— Exercise goal —
Copy exactly the stretch of data below from the line with "劉現(xiàn)輝的一套四冊" through the line with "中秋柿柿如意茶具柿子茶葉罐套裝婚禮喜慶商務開業活動禮品logo", including both of those lines.

— Supplied records —
____
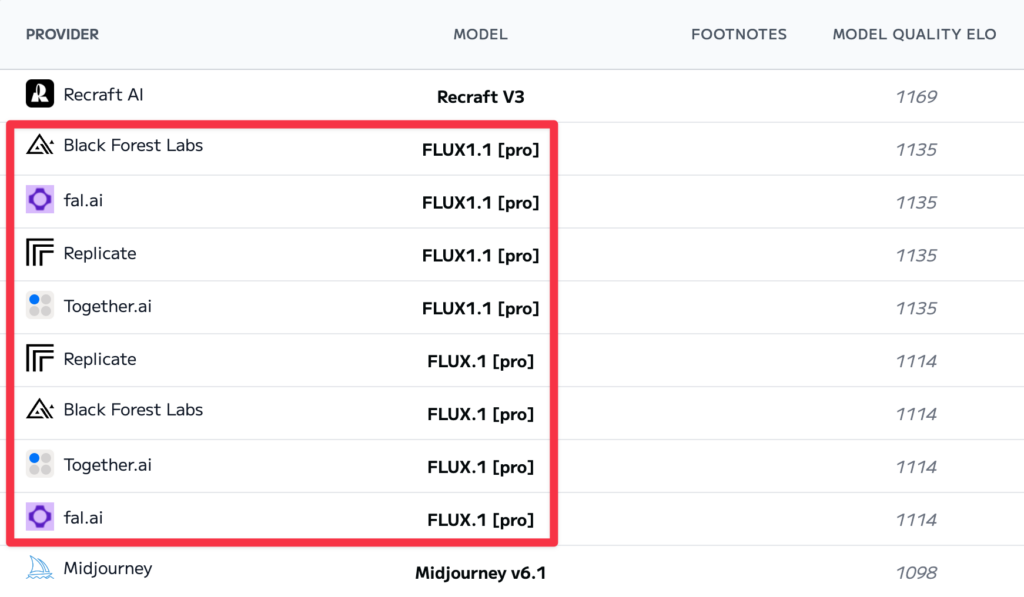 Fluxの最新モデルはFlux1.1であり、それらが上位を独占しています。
____
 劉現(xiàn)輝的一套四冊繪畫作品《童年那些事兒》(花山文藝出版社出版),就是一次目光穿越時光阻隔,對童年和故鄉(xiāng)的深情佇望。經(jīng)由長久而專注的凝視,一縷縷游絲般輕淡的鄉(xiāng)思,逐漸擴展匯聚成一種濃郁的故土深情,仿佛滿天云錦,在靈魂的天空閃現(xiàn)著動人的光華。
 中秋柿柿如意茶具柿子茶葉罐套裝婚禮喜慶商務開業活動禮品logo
____
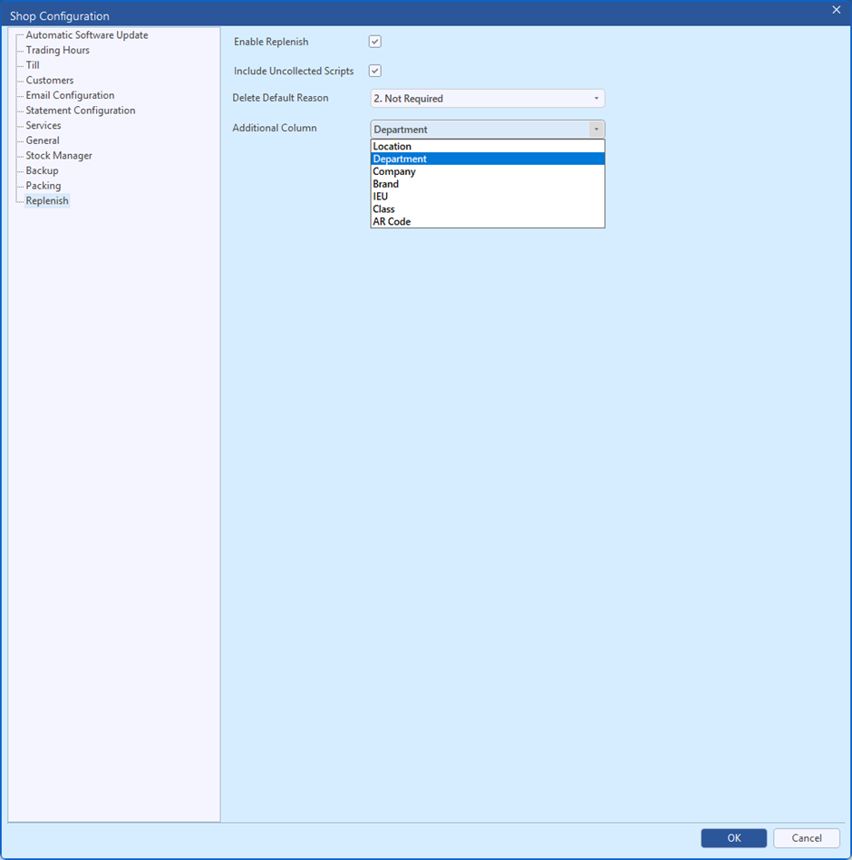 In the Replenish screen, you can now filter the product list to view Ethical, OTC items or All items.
____
— Response —
 劉現(xiàn)輝的一套四冊繪畫作品《童年那些事兒》(花山文藝出版社出版),就是一次目光穿越時光阻隔,對童年和故鄉(xiāng)的深情佇望。經(jīng)由長久而專注的凝視,一縷縷游絲般輕淡的鄉(xiāng)思,逐漸擴展匯聚成一種濃郁的故土深情,仿佛滿天云錦,在靈魂的天空閃現(xiàn)著動人的光華。
 中秋柿柿如意茶具柿子茶葉罐套裝婚禮喜慶商務開業活動禮品logo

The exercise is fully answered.